Glass- I am somewhat an expert on this material as i work as a glazier (glass installer). There are a lot of different types of glass most will work for this project. Tempered glass will NOT work for this project you'll know if your glass is tempered or not by looking for a "bug" or "cobb" on one of the corners of the piece of glass. This "bug" will be a company logo with some writing that will say if it is safety glass or not. If your piece of glass does not have a "bug" there is a 99% chance that it is annealed and that you can use it for this project.
For this project i would recommend glass that is a 1/4 thick or more. I used 3/8 thick glass.
If you are having trouble finding thick glass go to your local glass shop (install/repair windows) they should be able to cut you a piece off scrap. They may even give you the small pieces as small pieces are pretty much useless scrap to them. If they do cut you a piece make sure they seam the sharp edges off.
If you'd like nicer looking edges for your glass sign, ask them to order a piece that has a flat polish or pencil polish. The piece i used has flat polished edges.
Vinyl Contact paper.
This can be found at most hardware stores. It will be with the other shelf liners, keep in mind that you do not want the foam type or the thick/plastic type. Vinyl contact paper is about 4 mil thin. It will probably be the cheapest option of shelf liner. Make sure you get the self adhesive type as they have both adhesive and non adhesive versions.
My source for this materials is actually the 99cent store. They have had it in stock for years in my area and it can be found in kitchen utensils isle.
I have not used this since i upgraded to a blast cabinet but i would recommend the brand ARMOUR ETCH.

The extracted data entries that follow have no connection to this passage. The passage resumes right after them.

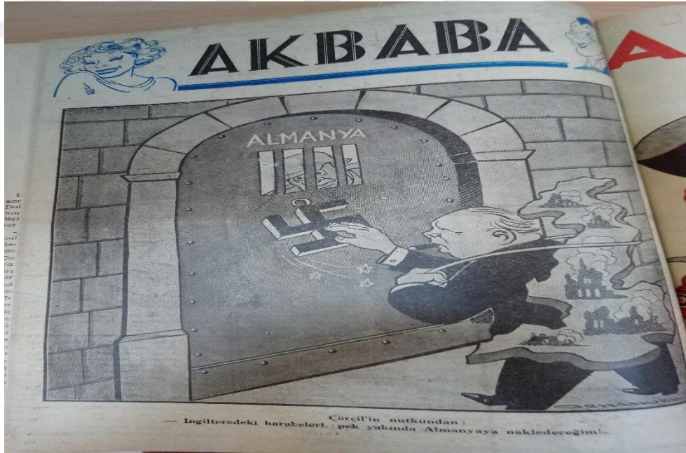
Ek 8: Akbaba Dergisi, 2 Ağustos 1941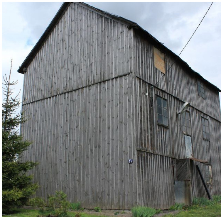
Rys. 12. Młyn w Malicach

odcinkowo, bez obramowań o wielokwaterowej stolarce, mniejsze w górnej kondygnacji. Drewniane skrzydła w otworach wejściowych.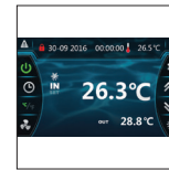
Nouvelle interface utilisateur, intuitive et très informative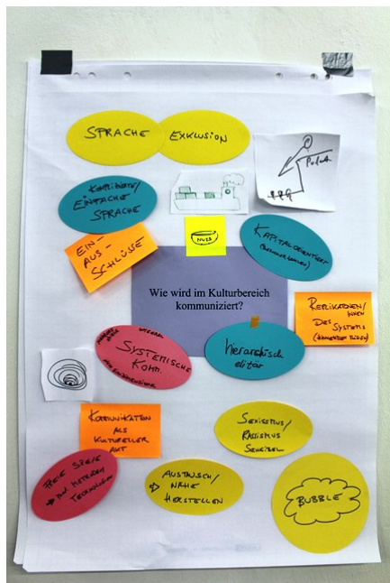
Die Ergebnisse in Stichworten.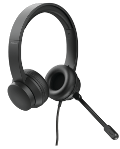
PRODUCT VISUAL 2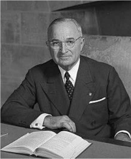
Harry S. Truman (1884-1972) Han var USA's præsident fra 1945-1953.

Den 12. marts 1947 bekendtgjorde den amerikanske præsident Harry Truman den såkaldte Truman-doktrin i en tale til USA's kongres. Sammen med Churchills tale den 5. marts 1946 kan Trumans tale også betragtes som starten på Den kolde Krig, idet doktrinen slår en antikommunistisk udenrigspolitik fast.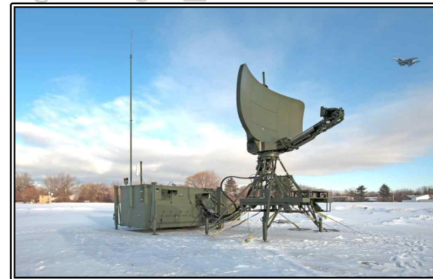
그림. Deployable Radar Approach Control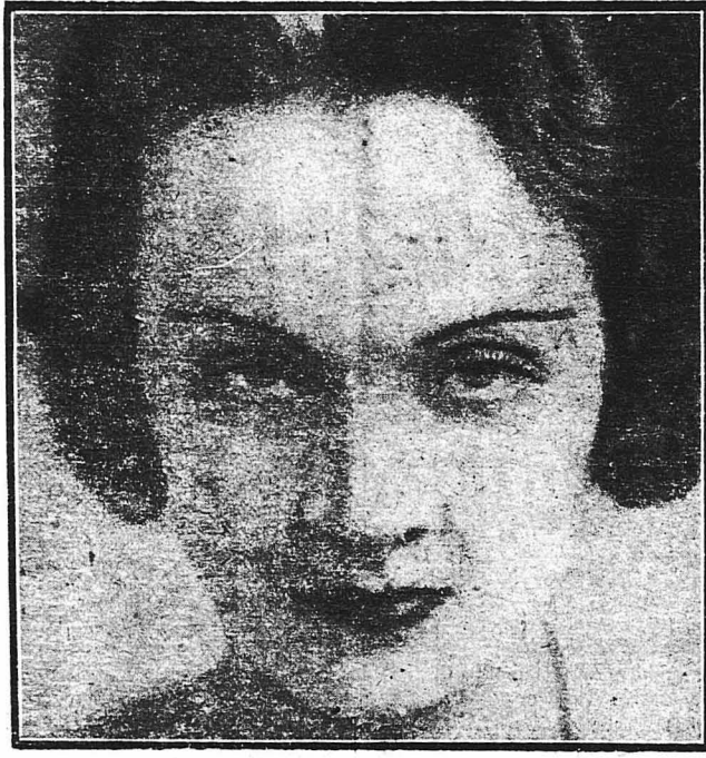
Η Μάρλεν Ντρήτριχ

Θά έπιβλήθη στό τέλος ή χειλεομαντία; Και θά έρθη μία εποστό στόμα του συνομιλητού μας τον χαρακτήρα του, όπως θά τον διαβάσουμε σ' ένα ανοιχτό βιβλίο; Ας τό ελπίσουμε. Γιατί τότε τέλος θά μπορούμε να λυθώ και τό άινιγμα της Τρισκόνας που τό στόμα της τώρα και πεντακόσια χρόνια, τό λεπτό χαμόγυλο των χειλιών της κρύβει ένα μυστήριο.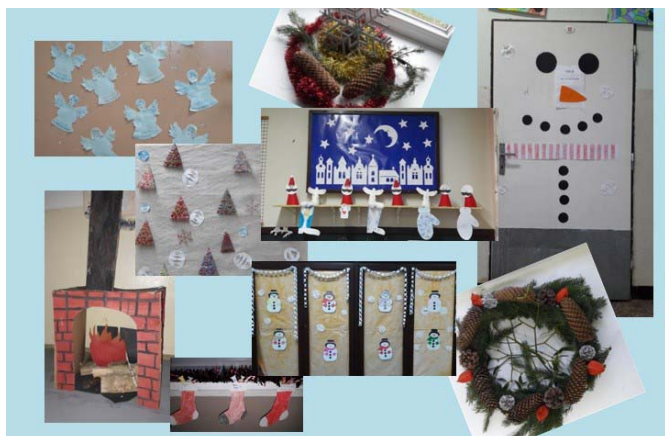
Vianočná výzdoba v triedach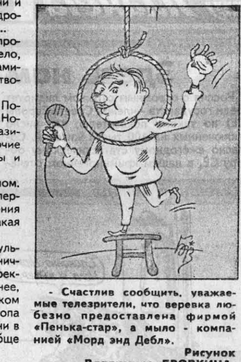
Рисунок Владимира БРОВКИНА.

чило, как всегда. Иностранец долго сердился, отказывался от интервью. Но когда его отловили у трапа самолета, заявил: - Сюда, господи, а больше не ездки. Лучше буду спать дома с женой, чем в гостинице с клопом. С тем и убыл. А вы говорите: реклама! Виктор ТИТОВ.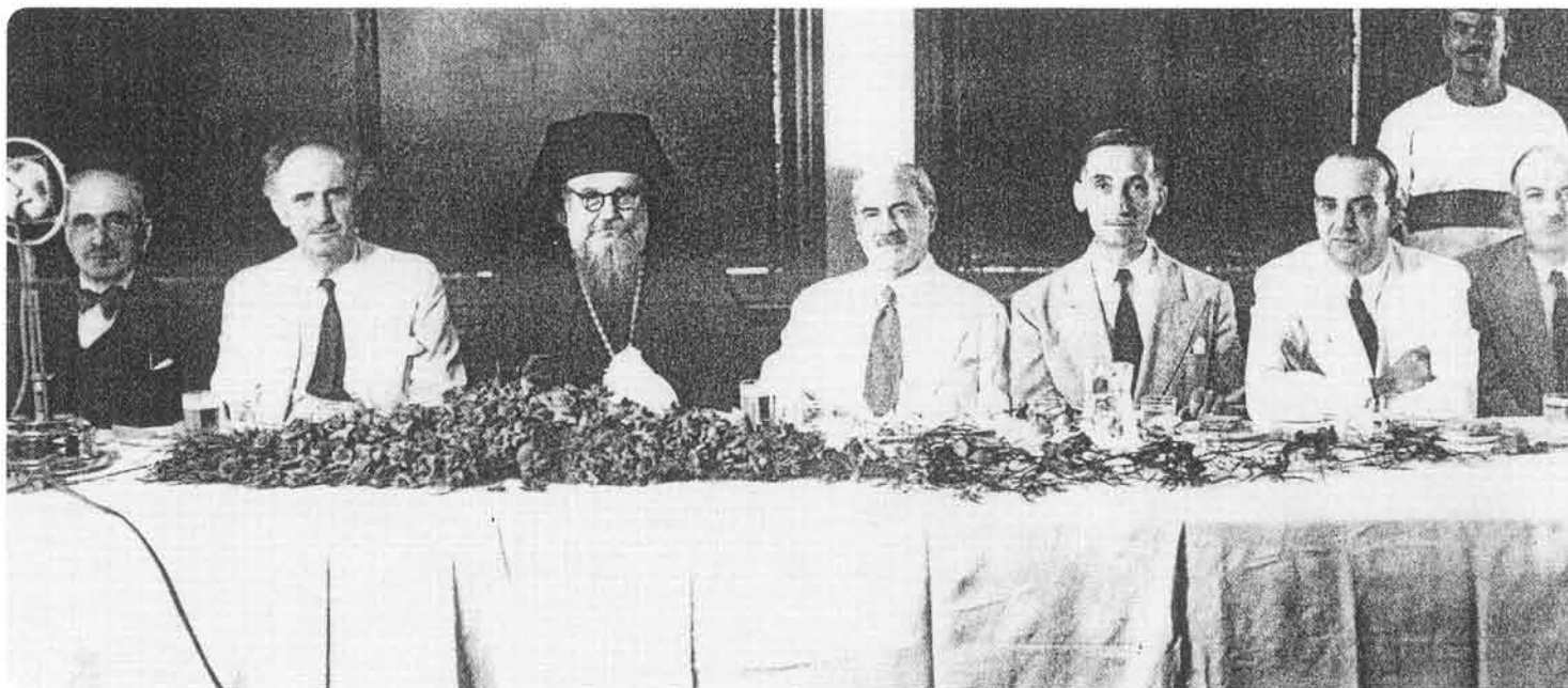
Τιμητική εκδήλωση προς τον Μικέ Σαλβάγο, το 1944. Διακρίνονται από αριστερά οι: Γεώργιος Παπανδρέου, Πατριάρχης Αλεξανδρείας Χριστόφορος, Μικές Σαλβάγος.

της Κοινότητας Αλεξανδρείας, καλύπτοντας περίπου τριάντα χρόνια κοινοτικής πορείας. Στο τιμητικό γεύμα που δόθηκε στο Καζίνο Σάτμπυ, την Κυριακή 15 Ιουλίου 1944, για τον εορτασμό της εικοσιπενταετηρίδος της προεδρίας του, ο λόγος του παρόντος πρωθυπουργού Γεωργίου Παπανδρέου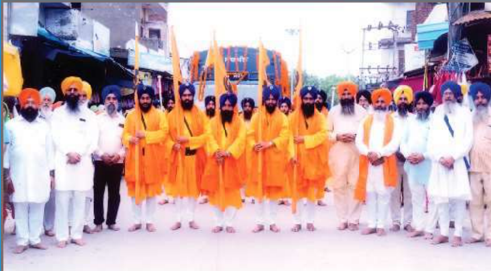
ਸ੍ਰੀ ਗੁਰੂ ਅਮਰਦਾਸ ਜੀ ਦੇ ਜੋਤੀ-ਜੋਤਿ ਪੁਰਬ ਨੂੰ ਸਮਰਪਿਤ ਗੁਰਦੁਆਰਾ ਚੁਬਾਰਾ ਸਾਹਿਬ ਤੋਂ ਗੁਰਦੁਆਰਾ ਬਾਉਲੀ ਸਾਹਿਬ, ਗੋਇੰਦਵਾਲ ਸਾਹਿਬ ਤੀਕ ਸਜਾਏ ਗਏ ਨਗਰ ਕੀਰਤਨ ਦੀ ਤਸਵੀਰ।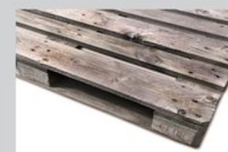
Przykładowe zdjęcie palety siedmioletniej

Palety EUR są produktem markowym i podlegają ochronie przez Ustawę Prawo Własności Przemysłowej!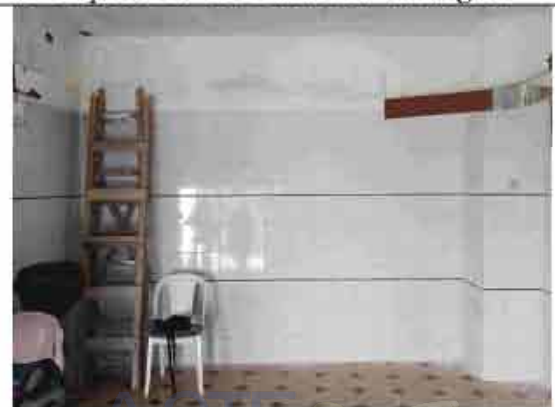
36. Locale commerciale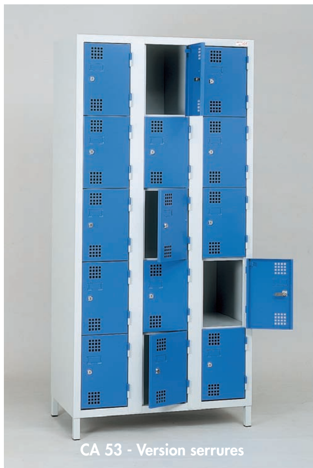
CA 53 - Version serrures

COLONNE LARGEUR 300 mm - COLONNE LARGEUR 400 mm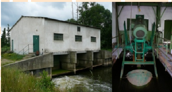
Fot. 4. Budynek hydroelektrowni „Pogórze” oraz jedna z turbin Kaplana.

Przykładem technicznego rozwiązania, stosowanego do niwelowania niekorzystnego wpływu hydroelektrowni na ekosystem jest MEW "Pogórze" w gminie Widawa, powiecie łaskim, gdzie zastosowano konstrukcję na kanale obiegowym. Wybudowana w 2004 roku hydroelektrownia składa się z budynku z siłownią (Fot. 4.), wyposażoną w 3 turbiny Kaplana (Fot. 4.) o łącznej mocy 165 kW, oraz kanału o długości 350 m, którego zadaniem jest doprowadzanie spiętrzonej wody do elektrowni, a następnie odprowadzanie wody z turbin. Budowa kanału (Fot. 5) obejmowała nie tylko jego wykopanie, ale także uszczelnienie geotkaniną, faszyną i umocnienie kołkami. Użytkowanie kanału wiąże się także z jego konserwacją, która ma na celu przeciwdziałanie zarastaniu.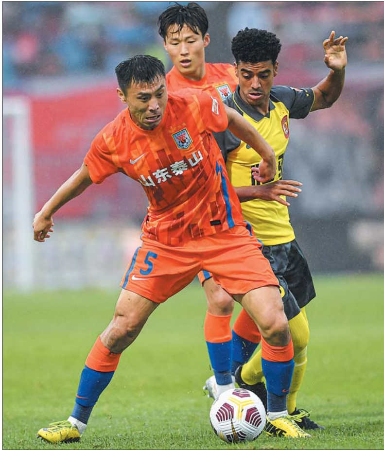
上一轮泰山队绝杀广州队让球队士气大振,期待本轮一鼓作气争取三分。

另外,作为老牌中超球队,河南队从不是一个可以“掉以轻心”的对手。尤其是在主场对战泰山队上,河南嵩山龙门似乎格外得心应手。数据来看,虽然泰山队整体胜场占优,但从2015年开始河南嵩山龙门曾连续3年在主场战胜泰山队,2019年同样如此。泰山队的队员们仍需要全力以赴,拿下河南再取胜利。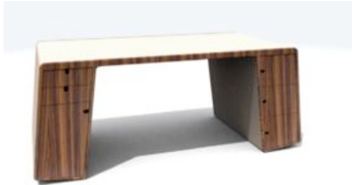
Desk : bureau

Les transformer, les muter au plus simple de manière à ce qu'ils ne répondent plus à leur fonction propre mais à un besoin.»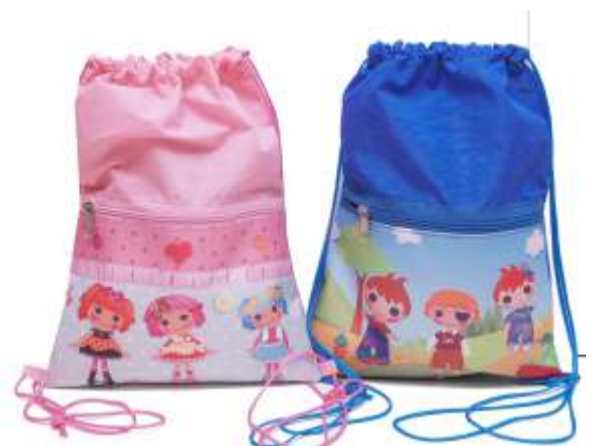
SACOCILA OXFORD COM ZIPER 28X44CM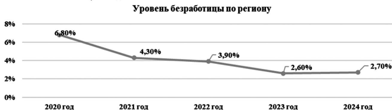
Рис. 5. Динамика уровня безработицы в Кемеровской области за 2020–2024 гг.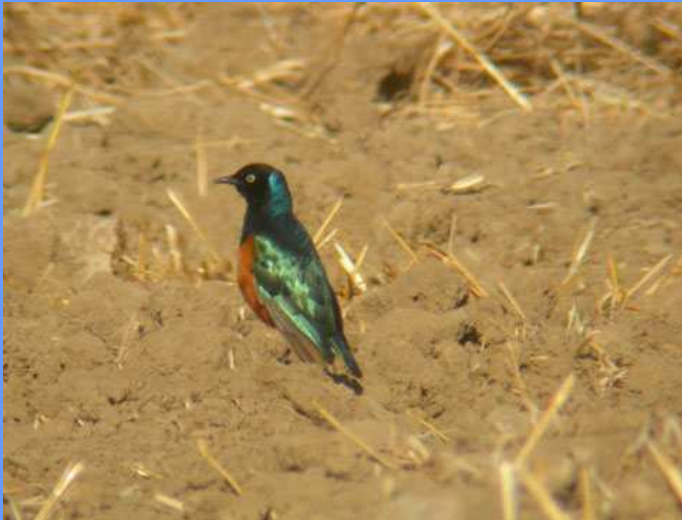
Lamprotornis superbus. Río Guadalhorce, Málaga, junio 2007.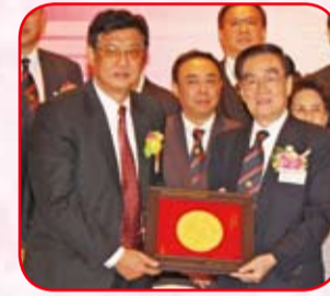
揭陽市政協主席歐漢波 致送紀念品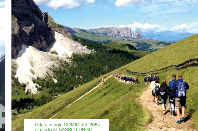
Gita al rifugio COMICI mt. 2054 ai piedi del SASSO LUNGO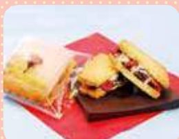
大泉学園のサクラさん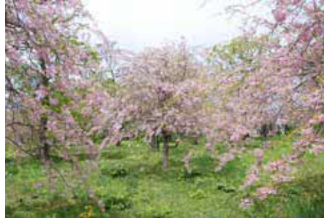
しびの岬公園の桜

残念ながら、外出自粛等のため、見に行けるタイミングがなく、毎年「青少年を守る会」で行っているお花見会も開催できませんでしたが、来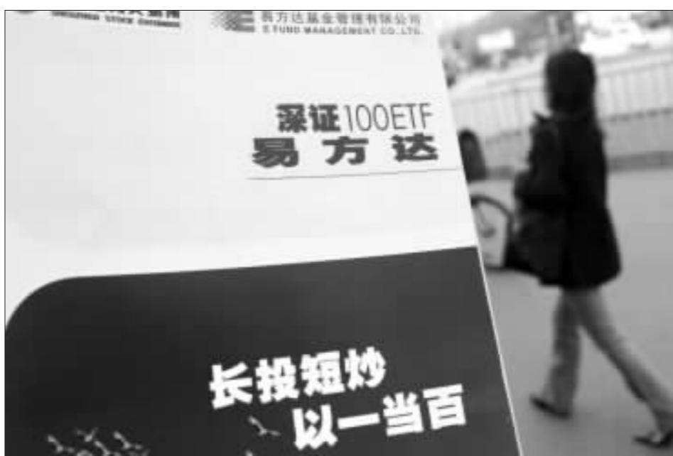
图资料 易方达基金 今年以来,随着行情的火爆,股票型基金的发行越来越受到投资者青睐

外,仅在中行的柜台上就还有泰信中短债等基金在同时发行。4日内破百亿的发行业绩表明,除了基金发行市场的温度依然很高以外,还展现出此前业内并不了解的庞大市场潜力和强烈的分化特征。

Spray mount is perfect for any stencil work you do. It is different then spray adhesive in a couple ways, it is repositionable and it will not wrinkle your paper as easily.
It can be found in most art stores.
If you plan on doing this a lot i really recommend buying one of these. You can pick one up from harbor freight tools for around $200. This will come with a blast gun and a light on the inside to improve visibility.
I use aluminum oxide. 40lbs will last you a long long time. Do not use actual sand in your blast cabinet as its particles are very hazardous to your health.
I have a few extra tips to help with different parts of this instrucable.
Cutting out your stencil
Tip try to lift your blade off the workpiece as little as possible while cutting out your design. This will give you smoother lines and transitions.
Use a metal straight edge to cut out any perfectly straight lines you have.
If you remove an entire section that you didnt want to you can cut a small piece of contact paper out and patch the area.
Try to avoid doing lines close together.